• WORK TASK: Copy the data exactly, pictures aside.

• COLLECTED MATERIAL:
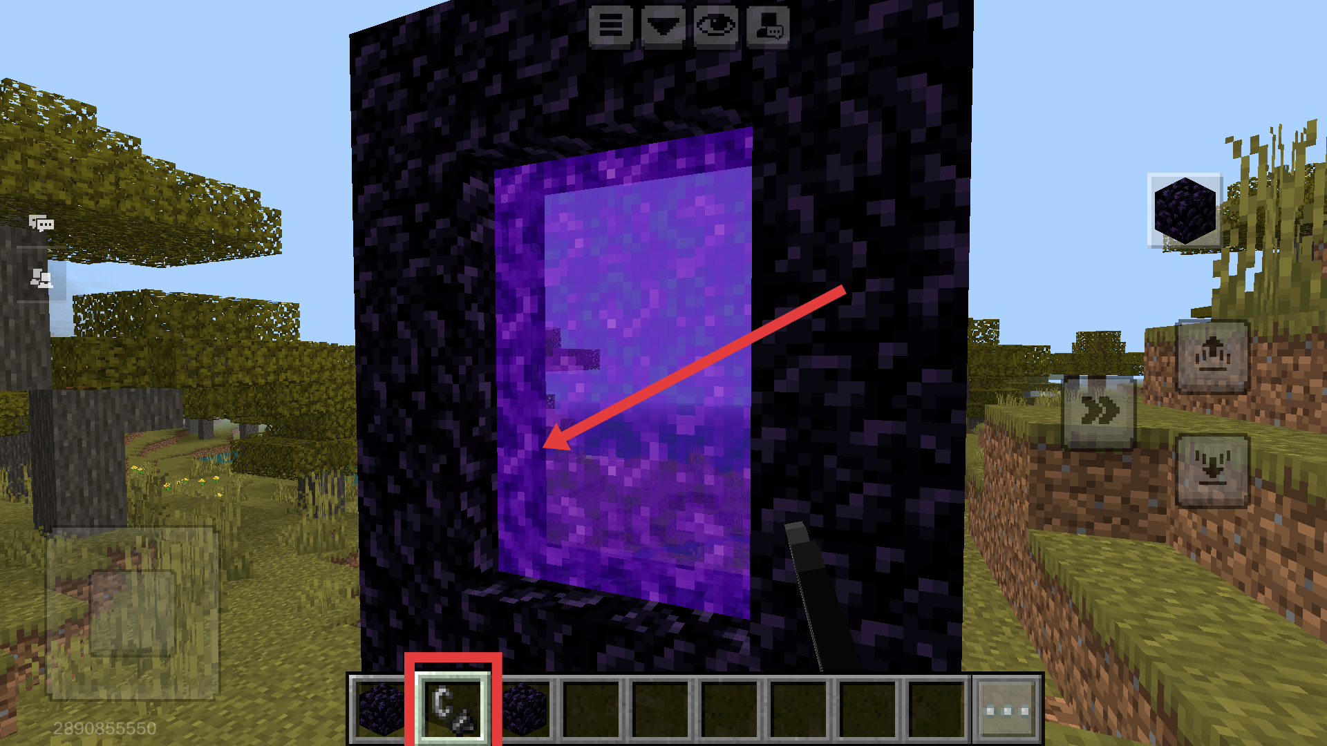 4、最后拿出打火石,对着黑曜石框架内部点击,就能激活地狱门,紫色传送门出现后就可以进入地狱探险啦。
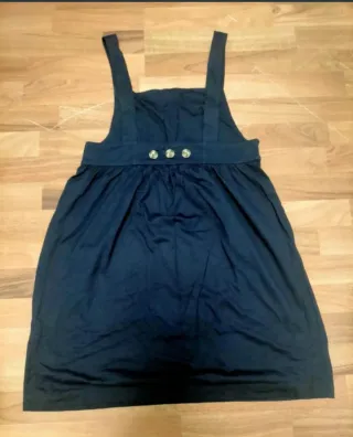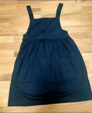 Vestido azul marino con un diseño moderno y práctico, perfecto para cualquier ocasión. Talla M. Ideal para llevarlo con una camiseta debajo. - Diseño con tirantes anchos. - Cintura marcada con fruncido. - Dos bolsillos frontales. - Falda con vuelo.
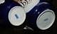 Beskrivelse: Blå tepotte uden låg samt ditto flødekande, begge med personligt (ubekendt) monogram i porcelæn fra Royal Copenhagen. Fremstillet mellem 1840-1860. Begge dele fremstår i god stand uden skader eller reparationer. Flødekanden er 9½ cm høj

• RESPONSE TO THIS TASK:
 4、最后拿出打火石,对着黑曜石框架内部点击,就能激活地狱门,紫色传送门出现后就可以进入地狱探险啦。
 Vestido azul marino con un diseño moderno y práctico, perfecto para cualquier ocasión. Talla M. Ideal para llevarlo con una camiseta debajo. - Diseño con tirantes anchos. - Cintura marcada con fruncido. - Dos bolsillos frontales. - Falda con vuelo.
 Beskrivelse: Blå tepotte uden låg samt ditto flødekande, begge med personligt (ubekendt) monogram i porcelæn fra Royal Copenhagen. Fremstillet mellem 1840-1860. Begge dele fremstår i god stand uden skader eller reparationer. Flødekanden er 9½ cm høj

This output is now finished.